How Well Can Generative Adversarial Networks Learn Densities: A Nonparametric View
This work addresses the mode collapse problem in GANs for density estimation, providing theoretical insights for researchers in machine learning and statistics, though it is incremental as it builds on existing GAN frameworks.
The paper tackles the problem of quantifying how well Generative Adversarial Networks (GANs) can learn densities by analyzing convergence rates from a nonparametric statistical perspective, introducing an improved GAN estimator that achieves a faster rate and is shown to be near-optimal in high dimensions.

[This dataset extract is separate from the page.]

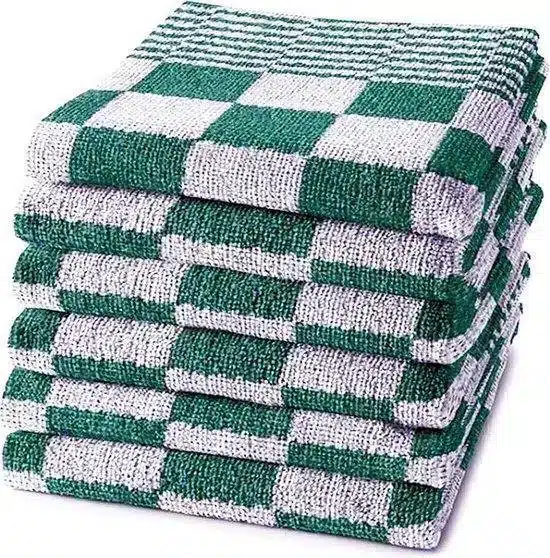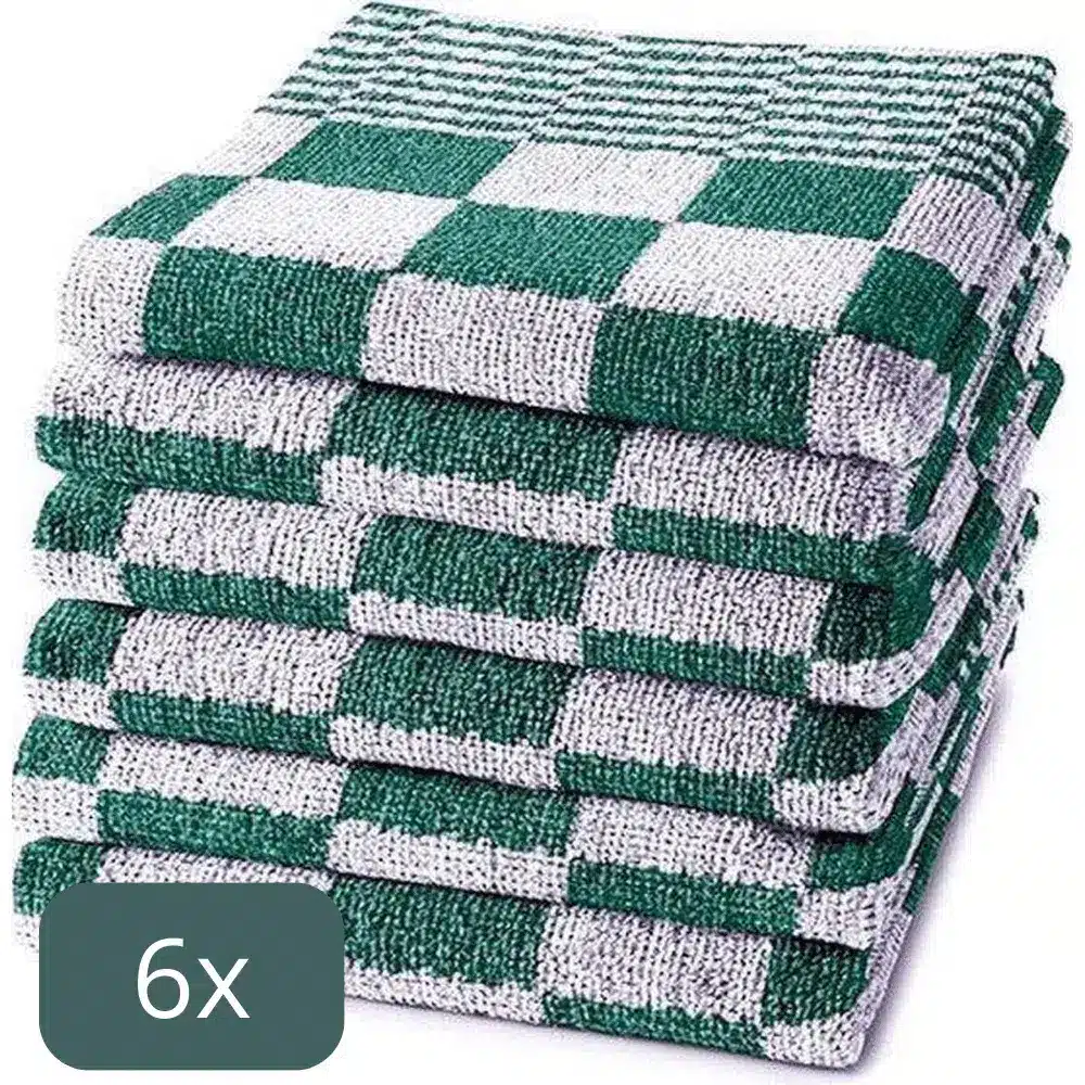 Droomtextiel keukendoeken in 100% katoen badstof 450g/m² bieden een perfecte pasvorm (50×50 cm), luxueuze zachtheid, superieure vochtopname en snelle droging. Verkrijgbaar in vier stijlvolle kleuren en verpakt per set van zes, vind je bij ons de duurzame keukendoek die net zo professioneel werkt als jij. Dankzij eenvoudig onderhoud en professionele kwaliteit geniet je elke dag van een frisse, schone keuken.

We study in this paper the rate of convergence for learning densities under the Generative Adversarial Networks (GAN) framework, borrowing insights from nonparametric statistics. We introduce an improved GAN estimator that achieves a faster rate, through simultaneously leveraging the level of smoothness in the target density and the evaluation metric, which in theory remedies the mode collapse problem reported in the literature. A minimax lower bound is constructed to show that when the dimension is large, the exponent in the rate for the new GAN estimator is near optimal. One can view our results as answering in a quantitative way how well GAN learns a wide range of densities with different smoothness properties, under a hierarchy of evaluation metrics. As a byproduct, we also obtain improved generalization bounds for GAN with deeper ReLU discriminator network.